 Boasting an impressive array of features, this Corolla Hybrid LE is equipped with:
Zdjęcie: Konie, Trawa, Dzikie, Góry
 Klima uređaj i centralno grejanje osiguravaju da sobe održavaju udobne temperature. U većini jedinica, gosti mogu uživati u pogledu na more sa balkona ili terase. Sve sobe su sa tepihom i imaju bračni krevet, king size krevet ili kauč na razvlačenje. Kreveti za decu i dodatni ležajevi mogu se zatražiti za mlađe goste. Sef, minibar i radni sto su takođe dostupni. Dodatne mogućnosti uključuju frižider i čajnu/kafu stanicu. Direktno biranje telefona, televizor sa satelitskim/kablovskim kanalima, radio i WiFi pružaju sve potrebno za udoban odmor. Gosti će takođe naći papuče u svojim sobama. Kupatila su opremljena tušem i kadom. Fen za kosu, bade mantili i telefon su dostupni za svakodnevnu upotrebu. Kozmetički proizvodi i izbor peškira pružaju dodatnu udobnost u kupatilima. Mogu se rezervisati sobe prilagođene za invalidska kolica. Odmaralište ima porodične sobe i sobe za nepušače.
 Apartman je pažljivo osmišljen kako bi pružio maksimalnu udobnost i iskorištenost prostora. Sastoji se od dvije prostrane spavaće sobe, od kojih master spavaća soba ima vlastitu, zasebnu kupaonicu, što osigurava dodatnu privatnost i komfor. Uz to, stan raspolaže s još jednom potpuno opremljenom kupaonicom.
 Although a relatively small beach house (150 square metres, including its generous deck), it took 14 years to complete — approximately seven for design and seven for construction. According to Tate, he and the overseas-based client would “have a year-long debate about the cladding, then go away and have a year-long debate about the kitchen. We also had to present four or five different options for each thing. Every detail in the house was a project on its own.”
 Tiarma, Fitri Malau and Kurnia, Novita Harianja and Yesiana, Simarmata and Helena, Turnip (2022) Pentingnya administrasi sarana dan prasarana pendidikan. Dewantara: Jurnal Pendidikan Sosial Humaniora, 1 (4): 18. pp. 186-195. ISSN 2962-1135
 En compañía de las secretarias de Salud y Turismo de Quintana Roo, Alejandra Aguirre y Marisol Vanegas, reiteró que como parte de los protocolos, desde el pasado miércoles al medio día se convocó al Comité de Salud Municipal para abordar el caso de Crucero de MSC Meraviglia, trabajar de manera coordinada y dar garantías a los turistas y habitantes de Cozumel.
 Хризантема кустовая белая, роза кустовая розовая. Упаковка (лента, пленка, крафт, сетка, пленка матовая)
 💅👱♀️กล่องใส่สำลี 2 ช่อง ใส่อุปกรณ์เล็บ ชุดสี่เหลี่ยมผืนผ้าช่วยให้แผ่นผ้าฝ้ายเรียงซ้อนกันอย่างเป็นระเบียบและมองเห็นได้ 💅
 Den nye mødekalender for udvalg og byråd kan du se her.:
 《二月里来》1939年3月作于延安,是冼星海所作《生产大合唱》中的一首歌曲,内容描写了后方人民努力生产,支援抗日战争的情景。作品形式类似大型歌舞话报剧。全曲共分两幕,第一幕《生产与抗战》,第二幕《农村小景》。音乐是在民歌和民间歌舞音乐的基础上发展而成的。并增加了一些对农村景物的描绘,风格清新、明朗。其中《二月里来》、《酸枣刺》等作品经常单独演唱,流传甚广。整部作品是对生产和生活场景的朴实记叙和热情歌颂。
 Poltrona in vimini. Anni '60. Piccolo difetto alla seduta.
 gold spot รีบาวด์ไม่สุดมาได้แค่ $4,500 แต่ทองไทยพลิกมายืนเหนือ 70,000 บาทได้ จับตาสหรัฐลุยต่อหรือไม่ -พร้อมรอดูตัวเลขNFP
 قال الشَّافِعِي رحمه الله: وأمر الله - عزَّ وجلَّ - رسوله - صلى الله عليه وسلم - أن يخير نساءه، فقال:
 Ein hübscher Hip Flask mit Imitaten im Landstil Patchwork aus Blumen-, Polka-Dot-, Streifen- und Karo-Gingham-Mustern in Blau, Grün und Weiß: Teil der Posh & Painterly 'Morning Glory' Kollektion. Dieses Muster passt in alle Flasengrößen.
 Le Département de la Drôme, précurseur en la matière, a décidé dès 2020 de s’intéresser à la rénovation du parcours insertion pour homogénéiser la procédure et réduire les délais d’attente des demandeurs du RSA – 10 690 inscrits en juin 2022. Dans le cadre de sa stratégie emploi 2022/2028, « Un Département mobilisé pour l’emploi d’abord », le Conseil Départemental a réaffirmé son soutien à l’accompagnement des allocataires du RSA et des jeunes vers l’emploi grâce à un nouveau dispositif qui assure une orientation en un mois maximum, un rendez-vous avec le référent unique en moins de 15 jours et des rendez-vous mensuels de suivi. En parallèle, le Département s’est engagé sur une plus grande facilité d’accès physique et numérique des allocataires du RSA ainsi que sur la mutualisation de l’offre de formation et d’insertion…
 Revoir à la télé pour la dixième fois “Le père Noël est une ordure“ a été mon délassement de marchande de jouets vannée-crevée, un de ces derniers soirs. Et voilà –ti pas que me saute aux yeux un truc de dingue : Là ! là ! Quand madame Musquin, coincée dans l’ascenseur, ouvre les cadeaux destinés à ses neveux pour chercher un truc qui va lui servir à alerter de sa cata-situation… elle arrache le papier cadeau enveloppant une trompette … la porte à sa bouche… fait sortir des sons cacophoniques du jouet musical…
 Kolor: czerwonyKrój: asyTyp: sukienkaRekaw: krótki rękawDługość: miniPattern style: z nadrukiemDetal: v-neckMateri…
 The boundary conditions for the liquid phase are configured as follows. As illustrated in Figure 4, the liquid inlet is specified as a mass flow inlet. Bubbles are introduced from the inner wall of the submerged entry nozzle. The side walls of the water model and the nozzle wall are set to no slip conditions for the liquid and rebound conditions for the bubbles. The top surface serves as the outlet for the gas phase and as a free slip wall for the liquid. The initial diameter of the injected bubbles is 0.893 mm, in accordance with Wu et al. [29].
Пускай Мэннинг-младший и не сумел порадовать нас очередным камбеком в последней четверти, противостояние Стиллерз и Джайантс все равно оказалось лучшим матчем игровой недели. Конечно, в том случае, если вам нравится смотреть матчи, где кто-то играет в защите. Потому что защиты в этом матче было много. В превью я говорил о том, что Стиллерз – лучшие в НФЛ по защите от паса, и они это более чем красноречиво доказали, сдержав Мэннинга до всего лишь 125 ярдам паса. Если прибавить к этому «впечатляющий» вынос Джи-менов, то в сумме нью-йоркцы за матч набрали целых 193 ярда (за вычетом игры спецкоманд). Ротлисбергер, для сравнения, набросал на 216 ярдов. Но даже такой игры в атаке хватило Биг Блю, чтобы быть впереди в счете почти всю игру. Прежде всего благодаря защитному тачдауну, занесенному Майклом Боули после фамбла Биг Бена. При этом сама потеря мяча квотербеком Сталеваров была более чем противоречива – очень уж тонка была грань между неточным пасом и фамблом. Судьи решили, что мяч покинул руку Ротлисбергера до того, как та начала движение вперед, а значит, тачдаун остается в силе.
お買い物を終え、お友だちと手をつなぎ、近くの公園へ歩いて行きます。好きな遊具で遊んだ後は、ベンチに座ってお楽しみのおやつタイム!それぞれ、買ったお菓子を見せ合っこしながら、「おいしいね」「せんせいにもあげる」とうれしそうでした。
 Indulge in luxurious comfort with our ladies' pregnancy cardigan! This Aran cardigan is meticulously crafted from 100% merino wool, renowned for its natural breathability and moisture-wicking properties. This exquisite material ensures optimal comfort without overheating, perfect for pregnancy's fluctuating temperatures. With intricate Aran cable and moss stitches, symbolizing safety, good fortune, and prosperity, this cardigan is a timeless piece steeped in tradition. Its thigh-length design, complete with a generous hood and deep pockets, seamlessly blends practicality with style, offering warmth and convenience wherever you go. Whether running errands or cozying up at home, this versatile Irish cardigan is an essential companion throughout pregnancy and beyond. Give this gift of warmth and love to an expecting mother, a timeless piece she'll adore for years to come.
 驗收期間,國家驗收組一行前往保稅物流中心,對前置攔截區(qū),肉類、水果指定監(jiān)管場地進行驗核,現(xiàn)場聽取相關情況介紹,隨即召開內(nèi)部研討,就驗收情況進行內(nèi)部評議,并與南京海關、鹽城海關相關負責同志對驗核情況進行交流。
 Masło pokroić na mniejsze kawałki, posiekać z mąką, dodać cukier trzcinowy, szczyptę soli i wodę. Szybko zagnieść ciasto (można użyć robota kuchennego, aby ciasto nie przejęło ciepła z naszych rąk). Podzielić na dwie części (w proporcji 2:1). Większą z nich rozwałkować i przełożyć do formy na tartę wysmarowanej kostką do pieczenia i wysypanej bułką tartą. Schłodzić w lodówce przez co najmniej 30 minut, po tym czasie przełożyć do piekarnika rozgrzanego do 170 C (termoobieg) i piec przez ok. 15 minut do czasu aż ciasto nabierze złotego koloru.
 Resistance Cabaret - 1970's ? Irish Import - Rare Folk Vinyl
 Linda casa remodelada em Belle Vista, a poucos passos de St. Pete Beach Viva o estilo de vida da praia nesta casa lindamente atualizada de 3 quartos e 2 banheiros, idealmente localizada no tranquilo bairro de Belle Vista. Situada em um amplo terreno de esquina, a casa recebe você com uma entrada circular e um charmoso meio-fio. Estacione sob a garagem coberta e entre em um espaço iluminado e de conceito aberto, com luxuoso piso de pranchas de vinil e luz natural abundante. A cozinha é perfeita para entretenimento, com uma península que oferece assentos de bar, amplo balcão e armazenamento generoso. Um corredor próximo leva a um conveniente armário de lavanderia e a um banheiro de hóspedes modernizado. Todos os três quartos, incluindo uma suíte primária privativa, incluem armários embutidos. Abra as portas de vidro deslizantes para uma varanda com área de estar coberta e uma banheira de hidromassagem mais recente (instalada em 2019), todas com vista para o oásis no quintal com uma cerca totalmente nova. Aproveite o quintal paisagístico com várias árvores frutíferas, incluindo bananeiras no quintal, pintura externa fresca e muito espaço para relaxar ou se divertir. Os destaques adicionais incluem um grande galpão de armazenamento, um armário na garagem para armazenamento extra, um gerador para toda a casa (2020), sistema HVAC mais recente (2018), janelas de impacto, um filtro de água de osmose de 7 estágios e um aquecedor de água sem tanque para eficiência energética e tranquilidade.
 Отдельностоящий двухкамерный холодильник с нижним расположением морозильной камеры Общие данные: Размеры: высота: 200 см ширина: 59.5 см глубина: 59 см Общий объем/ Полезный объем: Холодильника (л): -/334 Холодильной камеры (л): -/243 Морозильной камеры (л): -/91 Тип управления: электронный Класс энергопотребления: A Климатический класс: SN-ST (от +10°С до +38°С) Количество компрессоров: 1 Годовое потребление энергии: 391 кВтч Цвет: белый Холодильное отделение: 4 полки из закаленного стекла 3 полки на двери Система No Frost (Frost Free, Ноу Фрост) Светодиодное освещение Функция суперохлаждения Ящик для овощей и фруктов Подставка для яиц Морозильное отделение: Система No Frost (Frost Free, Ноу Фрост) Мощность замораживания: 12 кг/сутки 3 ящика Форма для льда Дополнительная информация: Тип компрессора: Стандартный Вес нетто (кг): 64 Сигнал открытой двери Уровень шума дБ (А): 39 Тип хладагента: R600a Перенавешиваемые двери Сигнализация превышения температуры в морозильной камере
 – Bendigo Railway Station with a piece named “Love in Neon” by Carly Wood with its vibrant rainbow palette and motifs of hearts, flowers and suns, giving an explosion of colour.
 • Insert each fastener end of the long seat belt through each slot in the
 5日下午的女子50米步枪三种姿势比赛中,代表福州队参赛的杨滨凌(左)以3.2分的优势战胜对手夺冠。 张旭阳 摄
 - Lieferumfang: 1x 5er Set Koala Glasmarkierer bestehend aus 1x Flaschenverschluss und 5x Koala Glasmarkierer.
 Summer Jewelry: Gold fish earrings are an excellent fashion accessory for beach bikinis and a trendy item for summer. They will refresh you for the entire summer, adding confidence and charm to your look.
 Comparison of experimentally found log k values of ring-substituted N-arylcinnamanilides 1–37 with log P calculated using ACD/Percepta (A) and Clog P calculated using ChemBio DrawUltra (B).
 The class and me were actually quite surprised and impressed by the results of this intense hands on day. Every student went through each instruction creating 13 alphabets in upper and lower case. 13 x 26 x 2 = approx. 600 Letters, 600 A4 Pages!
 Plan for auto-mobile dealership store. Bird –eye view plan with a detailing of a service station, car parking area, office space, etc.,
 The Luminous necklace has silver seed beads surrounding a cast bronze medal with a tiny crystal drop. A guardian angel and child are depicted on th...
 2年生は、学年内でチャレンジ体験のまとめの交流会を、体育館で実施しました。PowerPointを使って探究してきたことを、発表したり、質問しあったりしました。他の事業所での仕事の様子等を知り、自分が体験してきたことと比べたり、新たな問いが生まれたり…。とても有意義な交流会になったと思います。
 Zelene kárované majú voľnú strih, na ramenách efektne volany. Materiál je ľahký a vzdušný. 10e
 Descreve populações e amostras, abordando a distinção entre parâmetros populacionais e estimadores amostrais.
■ ■ ■ ■
Report only how many lines in the listing contain the string "Every".

## Task response
2